▸ **Exercise details**:
With the images set aside, retype every record below character for character.

▸ **Data for analysis**:
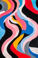 Een abstract spel van beweging en energie ontvouwt zich met vloeiende, levendige lijnen in krachtige kleuren. De harmonieuze combinatie van blauwe, rode, gele en zachtroze tinten voegt dynamiek en levendigheid toe aan de kamer. Perfect voor de woonkamer om een uitnodigende en creatieve sfeer te creëren.
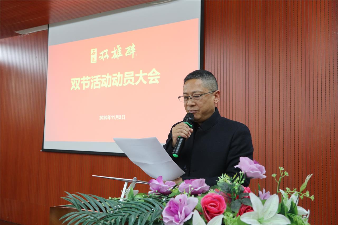 雙雄醉健康酒業(yè)總經(jīng)理鄭書(shū)軍作雙節(jié)活動(dòng)動(dòng)員報(bào)告,鄭總指出,在上半年經(jīng)營(yíng)工作中,雙雄醉銷(xiāo)售規(guī)模穩(wěn)步提升,品牌影響力逐漸顯現(xiàn),升學(xué)宴活動(dòng)取得圓滿成功,團(tuán)隊(duì)打造初見(jiàn)成效。經(jīng)營(yíng)年度下半年,有機(jī)遇也有挑戰(zhàn),希望每個(gè)“雙雄醉”人能夠提高主體意識(shí)、責(zé)任意識(shí)、危機(jī)意識(shí),咬定目標(biāo)不放松。
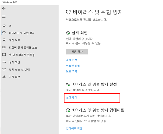 ※ 바이러스 및 위협 방지 → 바이러스 및 위협 방지 설정 "설정 관리" Click
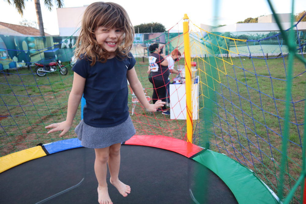 Cama elástica fez a diversão das crianças no espaço kids montado pela Imobiliária União (Foto: Alcyr Netto/Marília Notícia)
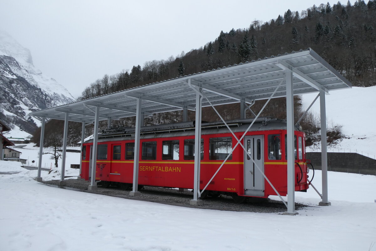 (284'459)  Sernftalbahn-Triebwagen - Nr. 5 - am 30. Januar 2026 in Elm, Station
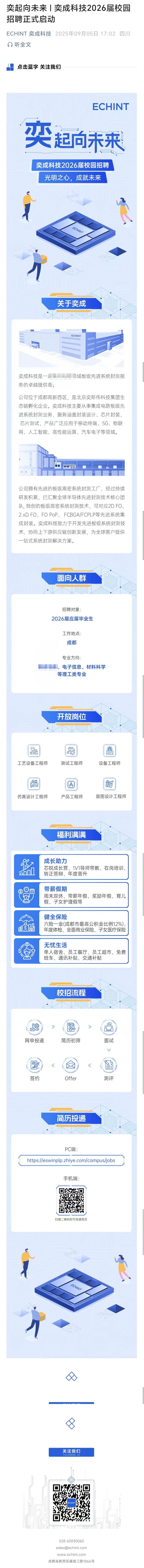 成都奕成科技2026届校园宣讲会正式启动!我们诚挚邀请你来到现场,与HR面对面,深入了解公司发展、福利体系、
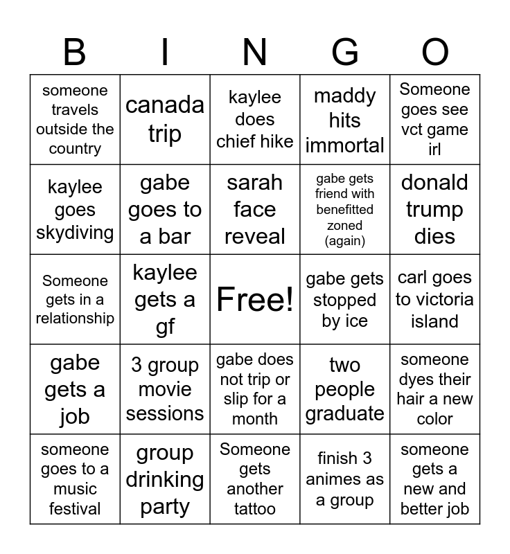 This bingo card has a free space and 24 words: 3 group movie sessions, group drinking party, sarah face reveal, someone goes to a music festival, Someone goes see vct game irl, someone travels outside the country, kaylee goes skydiving, canada trip, gabe gets stopped by ice, gabe does not trip or slip for a month, gabe gets friend with benefitted zoned (again), Someone gets in a relationship, two people graduate, someone dyes their hair a new color, gabe goes to a bar, finish 3 animes as a group, carl goes to victoria island, kaylee does chief hike, donald trump dies, kaylee gets a gf, someone gets a new and better job, gabe gets a job, maddy hits immortal and Someone gets another tattoo.
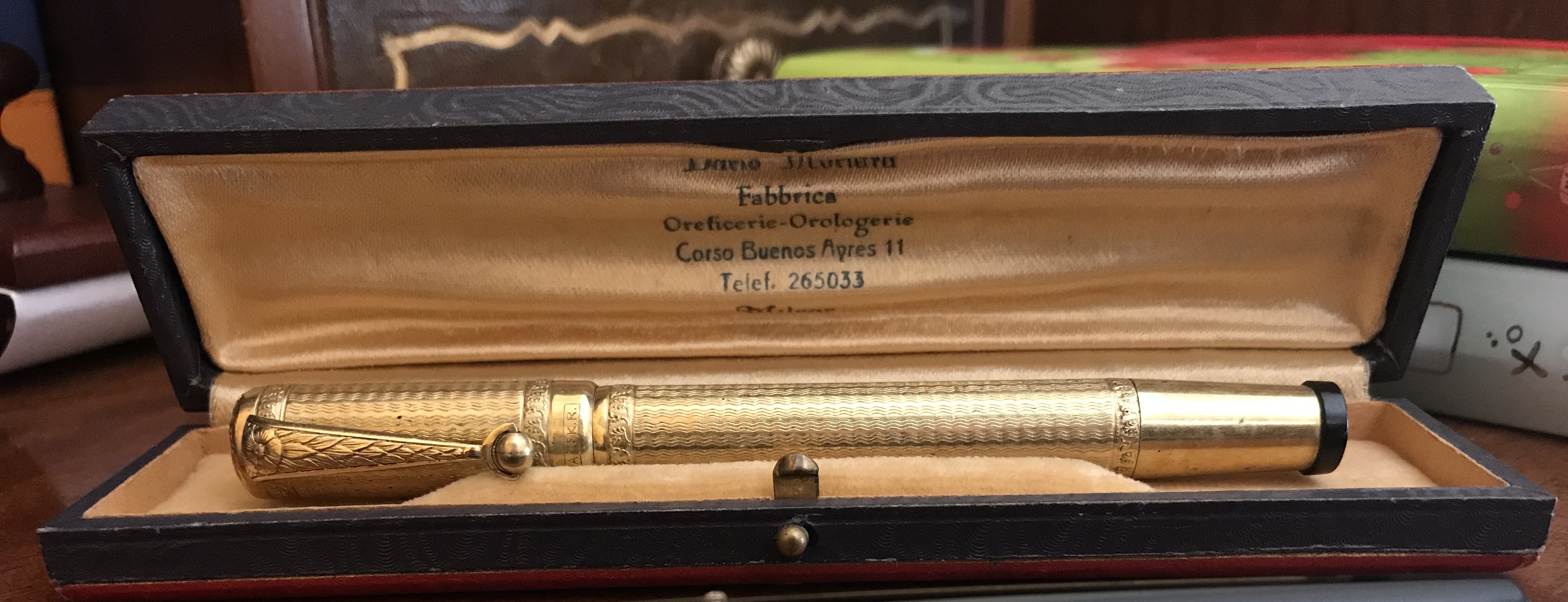 Buongiorno a tutti, vi mostro questa penna che ho ereditato e che ha la caratteristica di avere il pennino rientrante, girando il fondello del fusto. Non ho idea di come caricarla, o meglio ne ho letto in rete qualcosa ma non ho mai provato davvero. Porta l’incisione “Europa” e dovrebbe risalire agli anni ‘20-‘30 del secolo scorso. Mi piacerebbe capire se è un oggetto raro o meno e se può avere un valore non tanto economico ma a livello storico e collezionistico.

▸ **Result below**:
 Een abstract spel van beweging en energie ontvouwt zich met vloeiende, levendige lijnen in krachtige kleuren. De harmonieuze combinatie van blauwe, rode, gele en zachtroze tinten voegt dynamiek en levendigheid toe aan de kamer. Perfect voor de woonkamer om een uitnodigende en creatieve sfeer te creëren.
 雙雄醉健康酒業(yè)總經(jīng)理鄭書(shū)軍作雙節(jié)活動(dòng)動(dòng)員報(bào)告,鄭總指出,在上半年經(jīng)營(yíng)工作中,雙雄醉銷(xiāo)售規(guī)模穩(wěn)步提升,品牌影響力逐漸顯現(xiàn),升學(xué)宴活動(dòng)取得圓滿成功,團(tuán)隊(duì)打造初見(jiàn)成效。經(jīng)營(yíng)年度下半年,有機(jī)遇也有挑戰(zhàn),希望每個(gè)“雙雄醉”人能夠提高主體意識(shí)、責(zé)任意識(shí)、危機(jī)意識(shí),咬定目標(biāo)不放松。
 ※ 바이러스 및 위협 방지 → 바이러스 및 위협 방지 설정 "설정 관리" Click
 Cama elástica fez a diversão das crianças no espaço kids montado pela Imobiliária União (Foto: Alcyr Netto/Marília Notícia)
 (284'459)  Sernftalbahn-Triebwagen - Nr. 5 - am 30. Januar 2026 in Elm, Station
 成都奕成科技2026届校园宣讲会正式启动!我们诚挚邀请你来到现场,与HR面对面,深入了解公司发展、福利体系、
 This bingo card has a free space and 24 words: 3 group movie sessions, group drinking party, sarah face reveal, someone goes to a music festival, Someone goes see vct game irl, someone travels outside the country, kaylee goes skydiving, canada trip, gabe gets stopped by ice, gabe does not trip or slip for a month, gabe gets friend with benefitted zoned (again), Someone gets in a relationship, two people graduate, someone dyes their hair a new color, gabe goes to a bar, finish 3 animes as a group, carl goes to victoria island, kaylee does chief hike, donald trump dies, kaylee gets a gf, someone gets a new and better job, gabe gets a job, maddy hits immortal and Someone gets another tattoo.
 Buongiorno a tutti, vi mostro questa penna che ho ereditato e che ha la caratteristica di avere il pennino rientrante, girando il fondello del fusto. Non ho idea di come caricarla, o meglio ne ho letto in rete qualcosa ma non ho mai provato davvero. Porta l’incisione “Europa” e dovrebbe risalire agli anni ‘20-‘30 del secolo scorso. Mi piacerebbe capire se è un oggetto raro o meno e se può avere un valore non tanto economico ma a livello storico e collezionistico.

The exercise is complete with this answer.